Easter Eggs Around the World
The Greeks dye their Easter Eggs red to symbolize and honor the blood of Christ, while those in Germany and Austria, traditionally give green eggs on Maundy (or Holy) Thursday—the day commemorating Christ's Last Supper. In Slavic countries, decorating eggs in special patterns of gold and silver adds luster to the shell and to the sharing. The Armenian tradition is to decorate hollowed out eggshells with religious images significant to the holiday. The Easter Egg hunt itself has also taken many cultural twists and turns. In America, of course, the colored Easter Eggs are hidden and then children search for them. In the northern counties of England, children act out the "Pace Egg Play" and beg for eggs and other presents; the term Pace itself is a derivative of the ancient Hebrew verb posach (to pass over), which has evolved into the better known word and holiday title Pesach, or Passover.

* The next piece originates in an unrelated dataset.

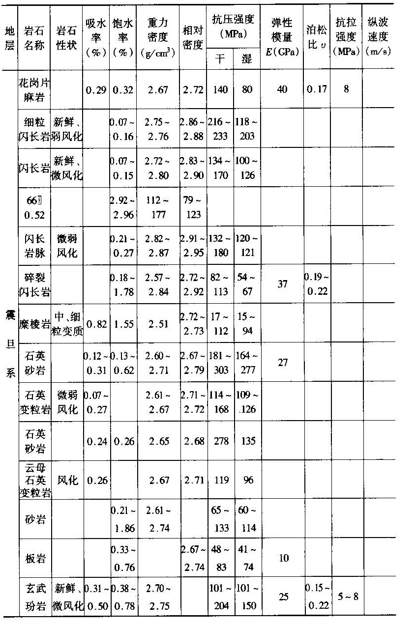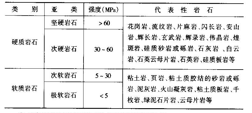 注:強(qiáng)度指新鮮巖塊的飽和單軸極限抗壓強(qiáng)度標(biāo)準(zhǔn)值。

Pennsylvania Dutch children believed that if they were good, the Oschter Haws would lay a nest of brightly colored eggs. And, in a far-removed invocation of the egg's primal symbol—fertility—Polish girls used to send eggs to their beloveds as a token of their feelings. Even more interesting is the fact that a roasted egg can take the place of a lamb shank (which mirrored the traditional sacrificial lamb) on the Seder plate at a Jewish Passover celebration.
The egg, like the Rabbit, has become fused into the spring festival of Easter throughout the world. Whether colored, hollowed or made of candy, the source of a child's delight or a symbol of faith, this image of newlife and renewal certainly has made its own nest in the human cultural psyche.